In [7]:
import ftfy
import pandas as pd
import spacy
import textacy.preprocessing as pp
import torch

from nltk.tokenize import sent_tokenize
from sentence_transformers import SentenceTransformer
from sklearn.metrics.pairwise import cosine_similarity

In [2]:
torch.cuda.device_count()

3

In [3]:
model = SentenceTransformer('pritamdeka/S-PubMedBert-MS-MARCO').to('cuda:0')

In [4]:
path = '../data/full_data.xlsx'
df = pd.read_excel(path)

In [5]:
# Grab text columns
text_cols = df.filter(regex='^full_text')
# Merge text columns into a single column
df['full_text'] = text_cols.apply(
    lambda x: ' '.join(x.dropna()),
    axis=1)

In [8]:
def preprocess(text):
    """Normalize some distracting parts of text data.
    URLS, phone numbers and email addresses are remove to protect people's
    identities if that content ends up in our data.
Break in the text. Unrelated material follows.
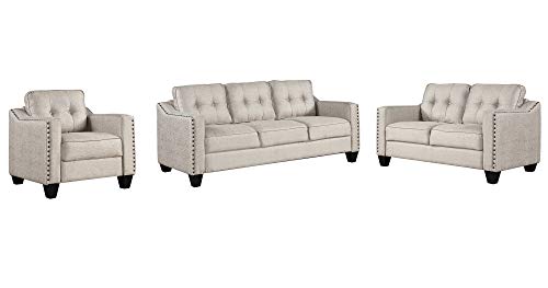 Knocbel Stylish 3-Piece Sofa Set Living Room Set with Tufted Cushions, Velvety Soft Linen Blend Fabric and Brass Nail Head Trip, Including 3-Seat Sofa, Loveseat and Accent Chair, Gray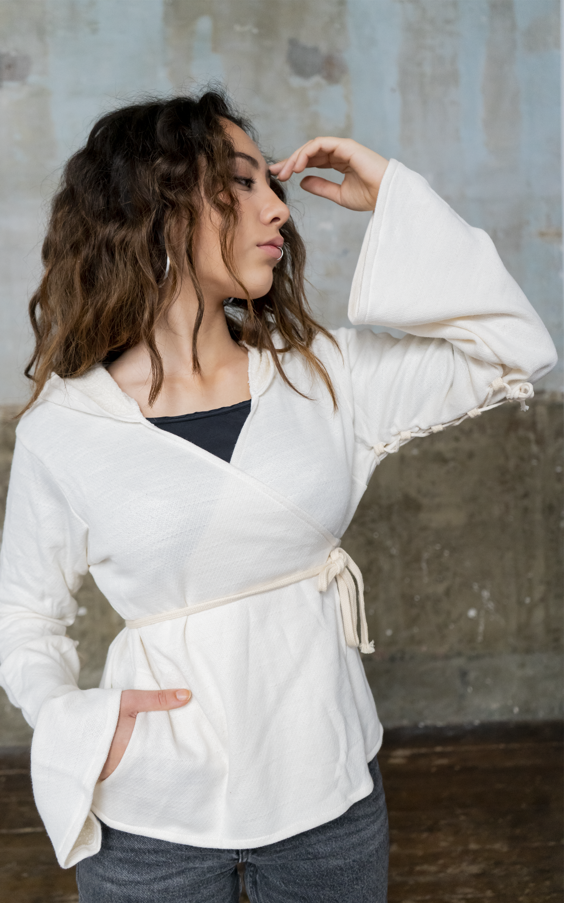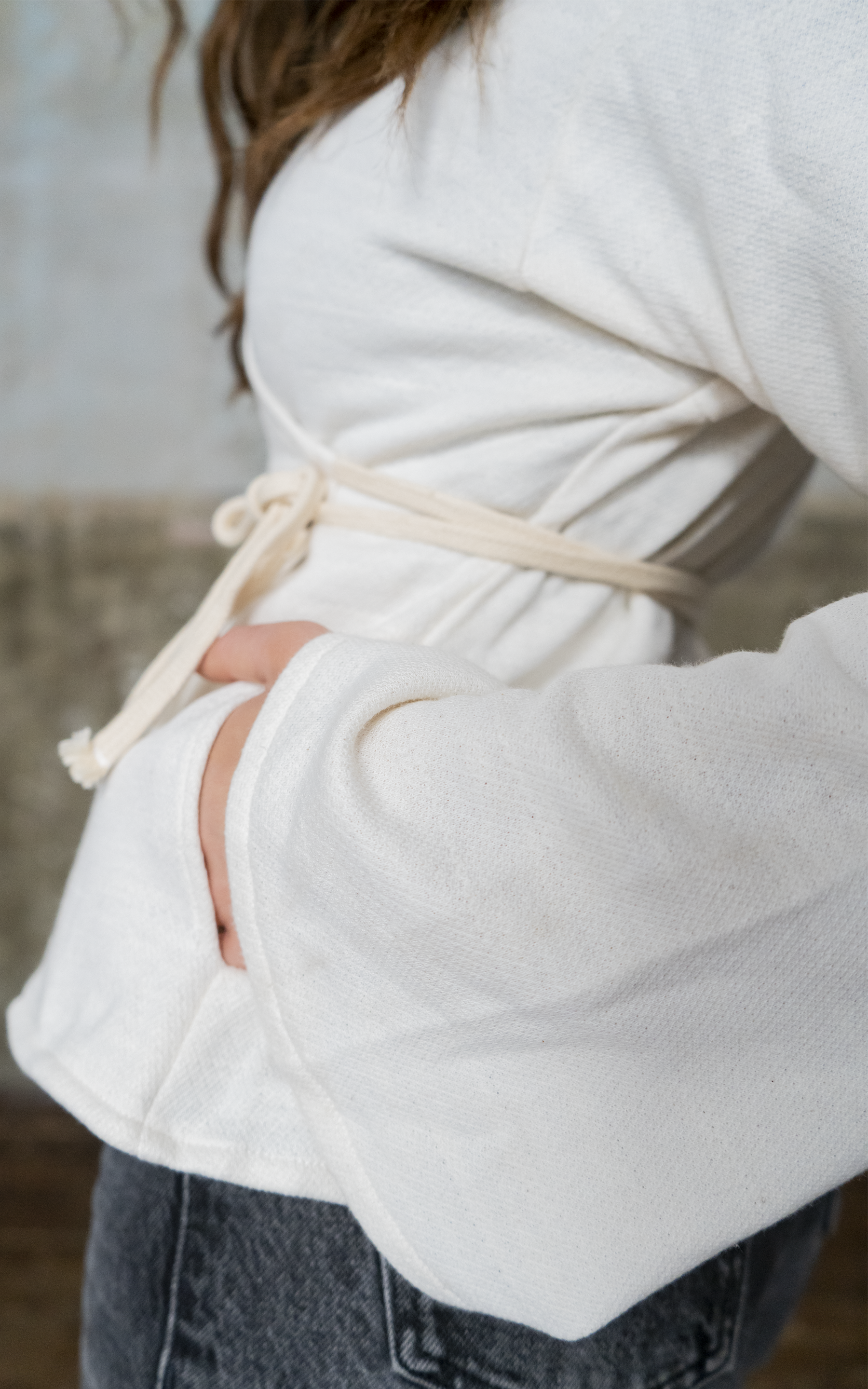 Chaqueta Toda talla de felpa fina de algodón 100%, cruzada en la cintura, con bolsillos y mangas acampanadas con detalle de cuerda en ellas.

Accents are removed and
    everything is case-folded to reduce the character and type vocab that we
    deal with downstream.
    Parameters
    ----------
    text : str
    Returns
    -------
    str
    """
    text = ftfy.fix_text(text)
    text = text.lower()
    text = pp.normalize.whitespace(text)
    text = text.replace('\n', ' ')
    text = pp.replace.urls(text, repl='URL')
    text = pp.replace.phone_numbers(text, repl='PHONE')
    text = pp.replace.emails(text, repl='EMAIL')
    text = pp.replace.user_handles(text, repl='USER')
    text = pp.remove.accents(text)
    return text

In [9]:
processed = df['full_text'].apply(preprocess)

In [10]:
sentences = [sent_tokenize(processed[idx])
             for idx in range(len(processed))]
sentences = [sentence for article in sentences
             for sentence in article]

In [12]:
embeddings = model.encode(sentences[:100])

In [13]:
print(embeddings.shape)

(100, 768)


In [14]:
cosine_similarity(embeddings)

array([[0.99999946, 0.89983046, 0.93775976, ..., 0.866554  , 0.8755862 ,
        0.83921456],
       [0.89983046, 0.9999998 , 0.8850118 , ..., 0.87664735, 0.8483837 ,
        0.8276462 ],
       [0.93775976, 0.8850118 , 0.9999999 , ..., 0.8587393 , 0.8812106 ,
        0.82664096],
       ...,
       [0.866554  , 0.87664735, 0.8587393 , ..., 0.9999999 , 0.87030977,
        0.82861465],
       [0.8755862 , 0.8483837 , 0.8812106 , ..., 0.87030977, 0.99999976,
        0.7955004 ],
       [0.83921456, 0.8276462 , 0.82664096, ..., 0.82861465, 0.7955004 ,
        0.9999999 ]], dtype=float32)

In [16]:
print(sentences[0])
print(sentences[300])

covid-19: failure to control pandemic and inequalities made england worst affected in europe, says report shaun griffin a failure to control the coronavirus pandemic, coupled with widening inequality over the past decade, has led to england having the highest rate of excess deaths from covid-19 in europe, a new report concluded.1 rather than focusing on narrow economic goals, health and wellbeing should be at the heart of government strategy, it says.
my favourite resonates with the need to care for oneself, and is "at a cardiac arrest, the first procedure is to take your own pulse."